‘Decent’ Harry Truman, thrust into the presidency, kept US afloat in wartime
In “The Trials of Harry Truman,” Jeffrey Frank details the making of a president, whose decisions included dropping atomic bombs on Japan.
Jeffrey Frank’s new book “The Trials of Harry Truman” takes a different tack than David McCullough’s Pulitzer Prize-winning doorstop “Truman” that became a bestseller 30 years ago. Frank doesn’t spend any time on Truman’s service in World War I or his stint as an enterprising haberdasher in Kansas City. This book isn’t concerned with the making of a man – it’s concerned with the making of a president.
Truman had very little training for that job.
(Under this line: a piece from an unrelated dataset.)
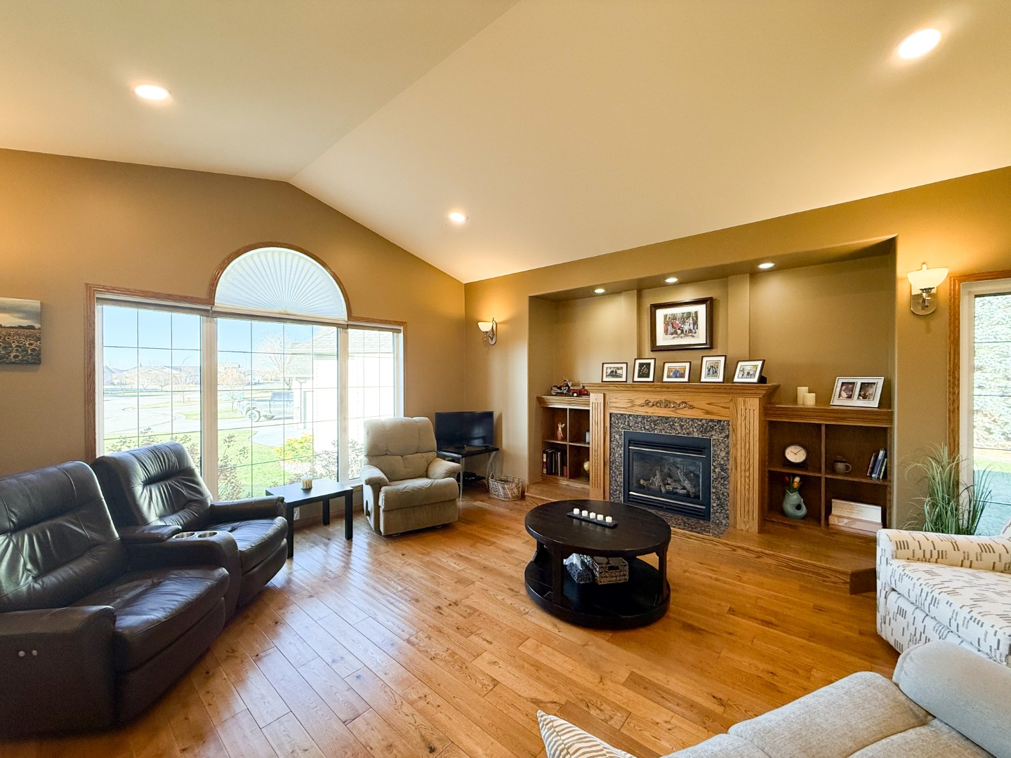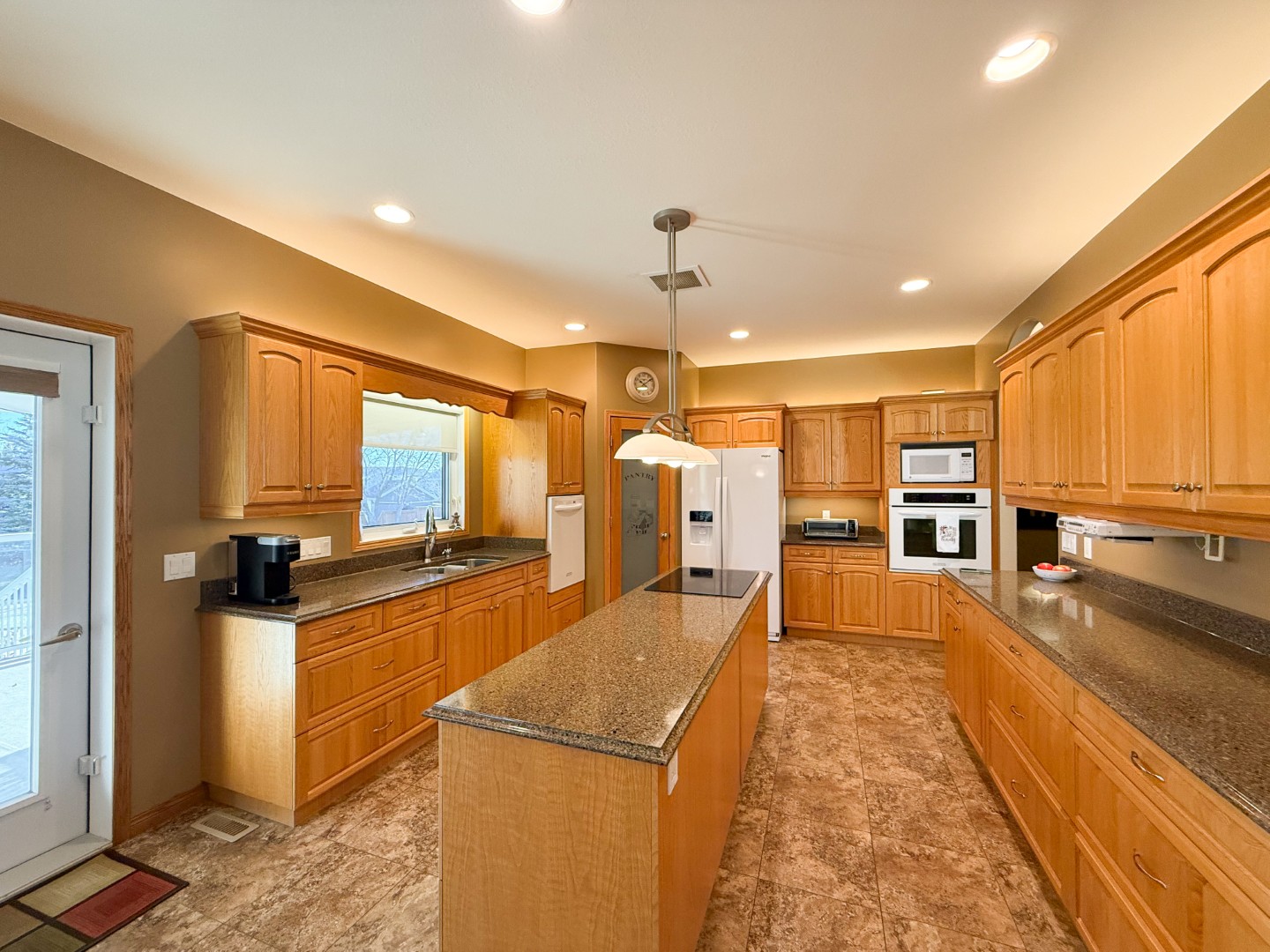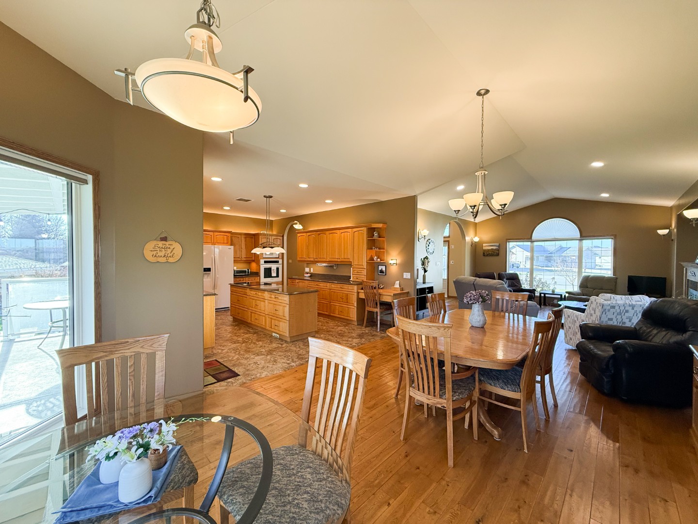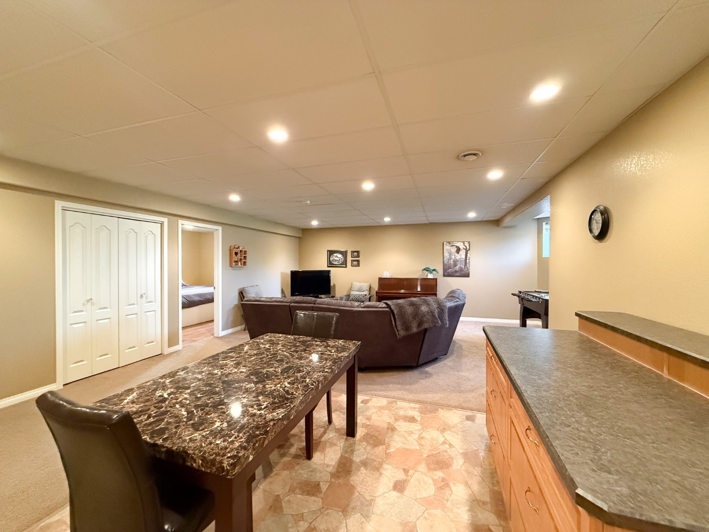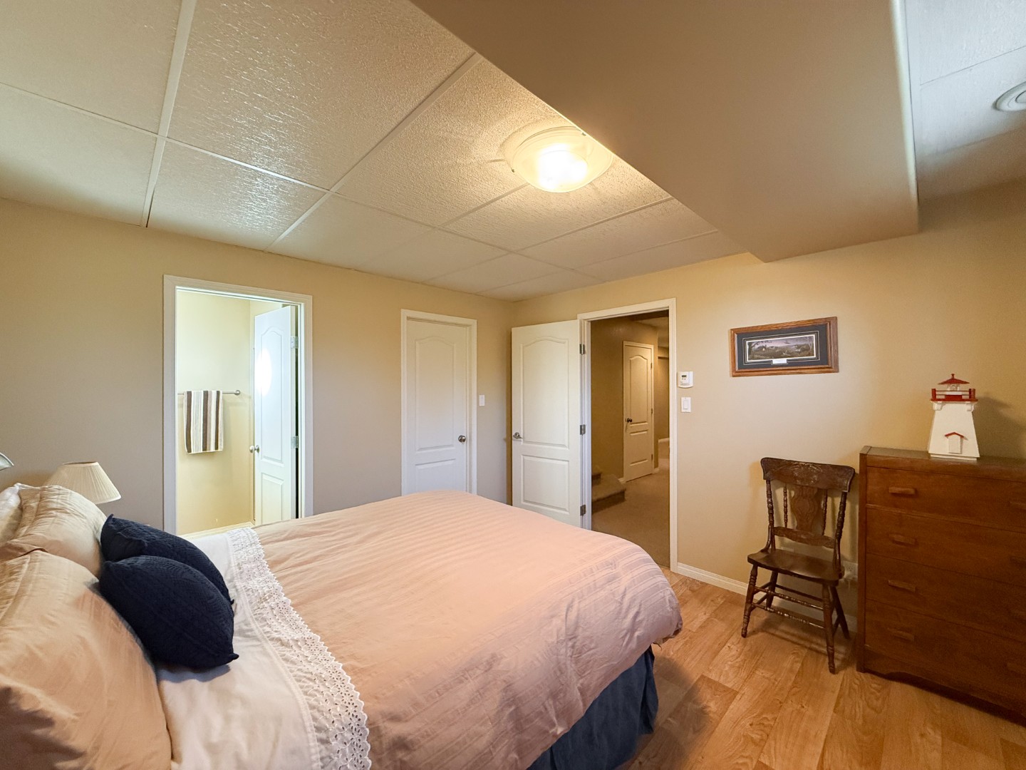 This custom-built home showcases exceptional craftsmanship with generous living spaces and wide staircases! The spacious oak kitchen features an island, granite countertops, an elevated dishwasher and oven, a corner pantry, and a large dining area that opens to the living room, perfect for hosting family and friends. The primary bedroom offers two closets plus a walk-in, along with a luxurious 4-piece ensuite complete with heated tile flooring, a tiled shower, and a jacuzzi tub. The main floor includes solid oak hardwood in the living, dining, and bedroom areas, with duraceramic tile in the kitchen, hallways, and entrance. The fully finished basement includes a guest suite with a 3-piece ensuite and walk-in closet, two additional bedrooms, and an inviting rec room with a games area and kitchenette. The impressive garage features epoxy floors, in-floor heat, a 2-piece washroom, and a workshop ideal for hobbyists. Outside, a large concrete driveway offers RV parking, a 30 Amp outlet, and a generator hookup. The covered deck overlooks the patio, firepit area, shed, and garden. Call now to book your private tour of this stunning home!

He’d been Franklin Roosevelt’s vice president for less than three months when Roosevelt died in April of 1945. Suddenly, Truman was thrust into the Oval Office and found himself in charge of a vast, hyper-industrialized country fighting the greatest war in human history.
To his credit, Frank seeks to look at the whole of Truman’s time in office. He spends some time, for instance, on Truman’s involvement with the race-related issues of his America. But even Frank, always ready to defend Truman, is forced to admit this involvement was limited. “Truman was never in a hurry when it came to the changes that real racial equality would bring,” he writes, adding optimistically: “but injustice, and unfairness, grated on him, the cruelties inflicted on blacks angered him, and he wanted no part of any of that.”
It’s hardly a picture of visionary leadership, but Frank is often commendably even-handed in that assessment. He refers to Truman as “a determined man, a man of limited imagination and experience, who happened to be a good man, and who managed to hold tight for nearly eight years as he was hurled through the mid-twentieth century, and wouldn’t, or couldn’t, let go.” It echoes the assessment of former Christian Science Monitor columnist Roscoe Drummond, who allowed, “While he does not count himself a heavy thinker, Mr. Truman knows what is going on in Washington.”
But perhaps inevitably any weighing of the trials of Harry Truman tends to come back to the most historic, most momentous decision he or any other world leader has ever made: the decision to use nuclear weapons in warfare.
Truman hadn’t known about the Manhattan Project before he became president, and Frank asserts that the plan to use atom bombs against Japan was already so set in stone that nothing could change it. “In theory, Truman could have decided not to use the bomb,” he writes, “but that would have meant reversing a decision that, as a practical matter, had been made for him.” That’s not exactly “The Buck Stops Here.”
The justification Truman himself used for the rest of his life – that using the bomb accelerated Japan’s surrender, thereby sparing the lives of half a million U.S. soldiers who would otherwise have needed to slog from island to island in an invasion of Japan – is dismissed by Frank as “something of a fiction.” But that doesn’t seem to matter to him, nor, he argues, did it to the president. “No matter the number, Truman understood that it was a president’s duty to protect American soldiers; momentum overcame doubt and hesitation.”
This is no justification, as plenty of people understood at the time. Frank quotes an American hostess talking to a friend: “Every time I look at a picture of President Truman, I think what an honest, decent face he has but how incongruous it was to hear from that flat, unimpressive voice those bloodcurdling words about the power of the atomic bomb.” “Bloodcurdling” is the key word, and Frank’s own research only grotesquely confirms it: “Not least of the reasons to go forward was a natural, if chilly, curiosity to see if, and how, the ‘gadget’ … worked in an actual war.”
“The Trials of Harry Truman” looks with refreshing directness at both Truman’s strengths and weaknesses – readers seeking an even-handed account of the major issues in his administration need look no further than this solid volume. They just need to proceed with caution, as Frank himself admits: “Anyone retelling that story must contend not only with the alarms of the present age but, in the character of Harry S. Truman, with the immeasurable power of sentimental imagination.”